Check out the Sustainability and Innovation edition “How Green Will Save Us” Harvard Business Review

Two Roads Converge in a Wood

Thursday, August 20th, 2009

Sustainability and the Path to Transformed Marketing

By Kathleen M. Hosfeld

Many are the challenges facing today’s marketing practitioners as they seek to cultivate relationships with customers in a volatile economic climate.  As a chief point of contact between the company and its customers, marketing is a place where trust is either won or lost.  As many consumers cut back on spending, trust is one of the critical factors underlying purchase decisions. But research shows that decades of intrusive, coercive demand-creation efforts have created layers of resistance that are now compounding companies’ woes.

Is sustainability a business strategy than can transform marketing practice and begin the process of rebuilding trust? Sustainability, for the purpose of this article, is the management of an organization’s performance in service of financial, social and environmental objectives, with the intent of meeting “the needs of the present without compromising the ability of future generations to meet their own needs.” (Brundtland World Commission).

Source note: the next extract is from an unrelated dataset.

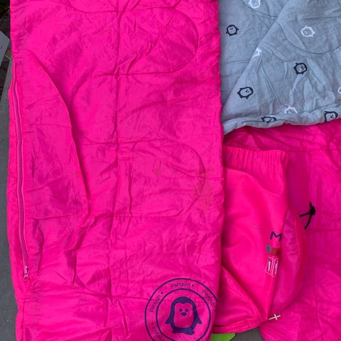 Børnesovepose med en længde på 130 cm, designet til 2-3 sæsoner. Soveposen har en skal af vandafvisende polyester, en indre fyldning af hollowfibre og en komforttemperatur på 10°C. Farven er blå og sort. Den til børn og stort set ikke brugt. Se flere detaljer på billederne.
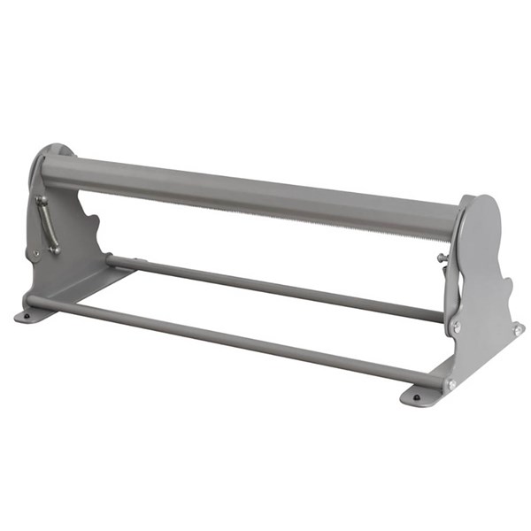The Marbig paper cutter is a sturdy metal paper dispenser suitable for holding standard sized kraft paper roll | Spring loaded cutter bar to make dispensing to required length neat and easy | Includes slip resistant rubber feet for free standing on your packing bench | Includes set of screw fittings for securing to your bench if preferred

Transformed marketing is the emerging model of marketing practiced by high-integrity organizations, a subject I wrote about in The Transformation of Marketing. The relationship between transformed marketing and sustainability depends on the ultimate goal of both initiatives – for businesses to operate profitably in ways that create benefit for many diverse stakeholders.  In early stages of sustainability adoption, however, this shared interest may not be quite as evident. As engagement with sustainability deepens, the qualities of transformed marketing begin to appear.

What are the Stages on the Road to Sustainability?

The notion that organizations implement sustainability in stages of increasing engagement is held by a variety of consultants and thought leaders.  The Leadership of Sustainability, a study authored by Pat Hughes, (to which I was a contributing analyst) offered a five-stage model of sustainability development based on interviews with leaders from diverse companies. The five stages in that model were:

  • Stage 1: Values (Awareness) Develop the will to take action.
  • Stage 2: Action (Experimentation) Begin with a single project or experiment.
  • Stage 3: Deepen (Systems Thinking) Explore implications of sustainability for all operations and decisions.
  • Stage 4: Sustain (Resource Commitment) Commit to comprehensive plan with resource allocation (management focus, money), tracking and reporting.
  • Stage 5: Learning and Advocacy (Sharing) Leadership and advocacy in industry; continuous learning.

Since the publication of The Leadership of Sustainability, at least two other staged models have been published highlighting different aspects of organizational engagement with sustainability. Peter Senge’s organization offers a model that describes the emerging “drivers” that push organizations deeper and deeper into engagement. Avastone Consulting offers a model that describes similar stages of engagement from the perspective or organizational perspectives or “mindsets.”

While not in exact agreement, these three models offer a surprisingly congruent picture of increasing degrees of intention and engagement.

Marketing’s Transformation on the Sustainability Road

Each stage of engagement with sustainability presents its own marketing challenges and opportunities. See Diagramtransformation-of-marketing-chart-hosfeld-dot-com. Large Format PDF Early engagement with sustainability is focused primarily on operational and administrative changes that reduce waste and conserve energy. The primary goal of most companies in the early stages is to save money.

At the Awareness Stage, marketers become conscious of consumer interest in “green” products and the role of environmental and social issues in purchase decisions. There’s also increased interest in cause-related promotion events that may have an environmental or social justice focus.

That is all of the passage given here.